Sulak et al’s bottom line:

“Overall, the safety profile of quality-controlled herbal cannabis preparations is likely equal or superior to most Anti-Epileptic Drugs… Herbal cannabis has remarkably low toxicity, even at high doses, and no lethal dose of cannabis has been described. Conversely, the morbidity of AEDs are the most common impediment to achieving full effective dosing due to multiple types of toxicity ranging from tiredness to memory problems and even death.”

Washington state results:


We asked Sulak about his case report involving a 10-year-old boy who was started on a THCA-rich extract.  Why THCA instead of CBD? 

Sulak replied that THCA is often easier to come by. Plus:

“When people respond to THCA they usually respond at a much lower dose than they do to CBD. As a result, the trial takes less time. When you start someone on low-dose CBD it can take several months to  work them up to the effective dose. With THCA it seems to go much faster, and of course a lower dose is more affordable for the families.
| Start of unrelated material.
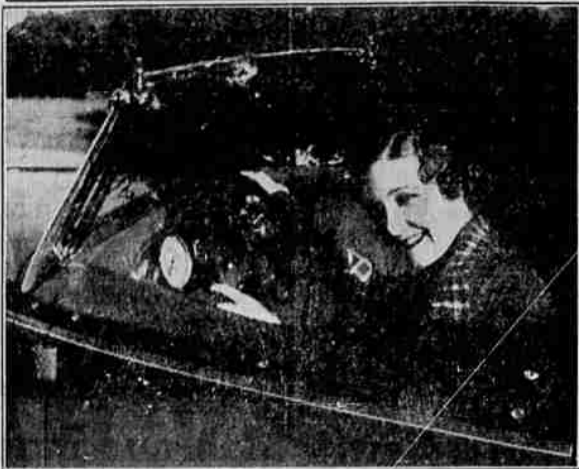
"Won't you come along with me?" says the smile in the picture, "and we'll tour the town properly in Ford's swank roadster for 1936." Youthful, fast, sturdy, easy to handle—the Ford roadster is just what the college boy or girl has in mind for dashing about the campus.

So in many cases I’m starting with THCA —especially when the problem only involves seizures.  If there are cognitive or behavioral issues, pain, spasticity, or other symptoms, I start with CBD or THC.”
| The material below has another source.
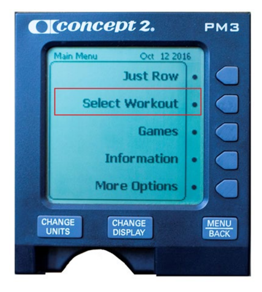
Figure 2-1.--"Main Menu" Page. Press "Select Workout"

Sulak et al acceptingly cite a paper reporting that a placebo effect influences the claim that cannabis reduces seizures. I have heard parents of epileptic children scoff —and have scoffed myself— at the notion of such a placebo effect.  Sulak said it’s probably real in some instances, a function of the parents’ desperate hope for progress.

“A mother told me this week her daughter’s seizures were doing much better, down to three-four seizures per week. I looked at my notes from three months earlier and it was three to five seizures per week.  While I believe that she may be doing much better in some global sense, and I have a tendency in general to believe my patients statements as a valid truth, if not a scientific finding, I don’t think all reports of seizure improvement are always accurate.”

ECB blood serum levels

It was surprising to read in Russell Saneto’s report on 47 patients from Washington State, “We are able to validate the product our patients are taking by serum analysis of drug levels.”

Testing blood-serum cannabinoid levels is not being done by California doctors or patients. Sulak explained that Saneto had been involved in the clinical trial at Seattle Children’s Hospital of Epidiolex, and that a lab in Pennsylvania had developed a panel to measure (certain) cannabinoid levels. Sulak hopes to get his patients access to a lab that can measure cannabinoid levels in the blood.

I think testing for endocannabinoid levels is going to be bigger than 23 & Me. Not just physicians and patients will want the data.  Everyone will want to know their ECB  tone! If your numbers are low you can justify your heavy reliance on exogenous cannabinoids. If they’re high you can say, “No wonder I’m so mellow!”  An individual’s ECB levels probably change significantly over the course of a week, based on mood, etc., but I don’t think that will deter the average pot partisan with $99 to spare.